The development of phase itself includes many steps such as-
- Feature Engineering
- Preprocessing the data
- Training and Testing models
- Model Selection
Feature Engineering
Once the data has been analyzed, it is important to use the correct features of the data for training the model. In the field of Machine Learning, it is often said, “Garbage In, Garbage Out”. If irrelevant and unimportant features are used for training the model, the model will fail to learn the representations from the data well enough and hence will not perform well. This process of using appropriate features is called Feature Engineering and can be performed in 2 ways or their combination-
Feature Selection– A subset of the features of the original data are selected. For example, for a dataset having the set of features X1, X2, X3, X4; selecting features X1, and X4 for training the model.
Feature Extraction– New features are created from the existing set of features. For example, for a dataset having the set of features X1, X2; creating new features X1*X2, and X1/X2 for training the model. Dimension Reduction algorithms such as Principal Component Analysis(PCA) are feature extraction algorithms.
Note– Feature Selection and Feature Engineering are not required in Deep Learning, for the reason that useful representations are automatically learned from the features.
Preprocessing the Data
The next step is to pre-process the data. The pre-processing is done by the building and using pipelines. The data pre-process steps includes cleaning the data, imputing missing values, One-Hot Encoding of Categorical variables, Scaling features to within a certain range for continuous valued variables, etc. Separate pipelines are created for training, validation, and test datasets, for the reason that different transformations need to be applied to different datasets.
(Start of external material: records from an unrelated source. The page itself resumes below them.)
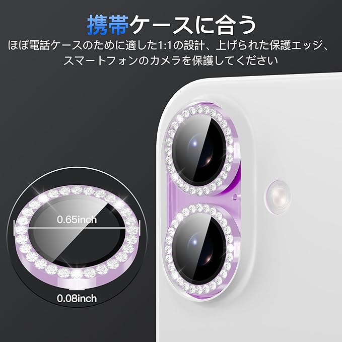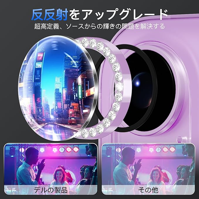 製品の特徴:For iPhone 17カメラレンズ保護カバー。ベゼルに光を屈折させるダイヤモンドをあしらい、光のある環境でキラキラと輝きます。レンズ部には9H強化ガラス膜を採用し、エッジのブラックコーティングにより雑光や派手な光がレンズに入るのを防ぎ、露出を抑えています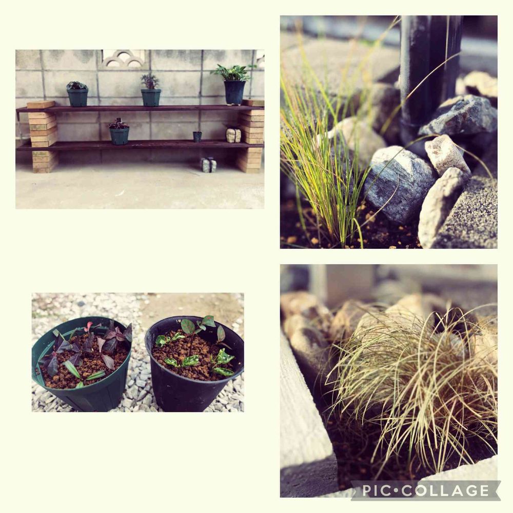 カレックスの植え込み、挿し木付くか分からないけど笑、霜除けの棚ペンキ塗りと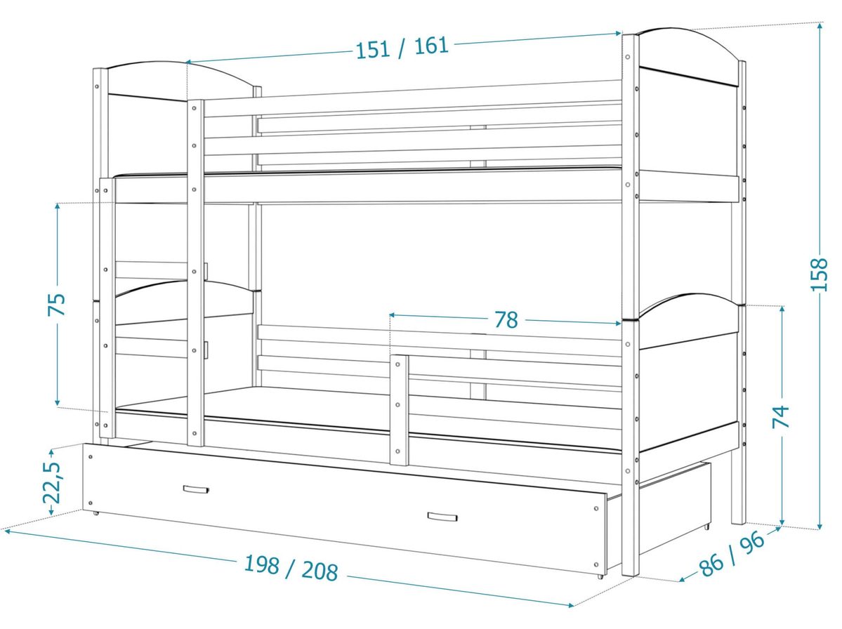 | Powierzchnia spania łóżko wysuwane | 184 x 80 cm |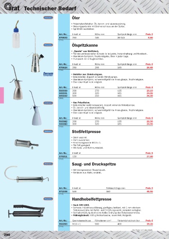 Art.-Nr.: Gewindeanschluss Füllvolumen cm³ Förderhöchstdruck bar Preis €

For example, data augmentation and shuffling need to be done on training dataset but not on the validation and test datasets.
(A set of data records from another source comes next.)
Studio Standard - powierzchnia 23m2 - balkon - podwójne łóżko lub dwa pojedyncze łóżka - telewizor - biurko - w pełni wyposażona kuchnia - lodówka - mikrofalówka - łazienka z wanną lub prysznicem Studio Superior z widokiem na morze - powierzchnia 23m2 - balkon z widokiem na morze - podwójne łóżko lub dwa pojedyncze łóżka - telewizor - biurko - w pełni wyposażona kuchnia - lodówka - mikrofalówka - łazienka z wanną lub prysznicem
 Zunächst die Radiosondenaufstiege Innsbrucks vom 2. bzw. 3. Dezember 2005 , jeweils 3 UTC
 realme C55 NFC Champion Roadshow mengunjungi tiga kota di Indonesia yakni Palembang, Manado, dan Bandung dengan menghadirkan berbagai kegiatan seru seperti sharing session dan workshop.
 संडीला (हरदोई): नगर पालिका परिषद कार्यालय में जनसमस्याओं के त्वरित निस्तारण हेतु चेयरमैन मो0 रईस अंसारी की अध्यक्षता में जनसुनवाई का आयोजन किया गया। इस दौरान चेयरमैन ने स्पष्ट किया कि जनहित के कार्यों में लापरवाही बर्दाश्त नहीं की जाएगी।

Training and Testing Models
State of the art algorithms are used for training the models. Various hyper-parameters are used for the algorithms to find the most optimal hyper-parameters. During the training phase, the performance of the model is measured on the validation set. The final hyper-parameters are chosen based on the performance of various models on the Validation Dataset. However, a separate dataset is used to check the performance of the model in real-world. Unlike the validation dataset, no hyper-parameter changes are made based on the performance of model on test dataset. In special cases, such as lack of data, techniques such as k-fold cross validation is used.
Model Selection
Once various models are trained, their performance of the test dataset is compared by use of metrics such as Accuracy, Error Rate, Precision, Recall, F1 Score, AUC etc for classification problems and metrics such as Mean Squared Error, Mean Absolute Error, Huber loss, etc for regression problems. It is important to note that while performance of a model is an important fact but the best performing model aren’t always chosen for actual use in production, there are a host of other factors that impact the decision, such as latency(time required for making each prediction) and hardware for running model(edge devices, cloud, etc). Once all the various factors have been considered, the model that is to be productionized is finalized.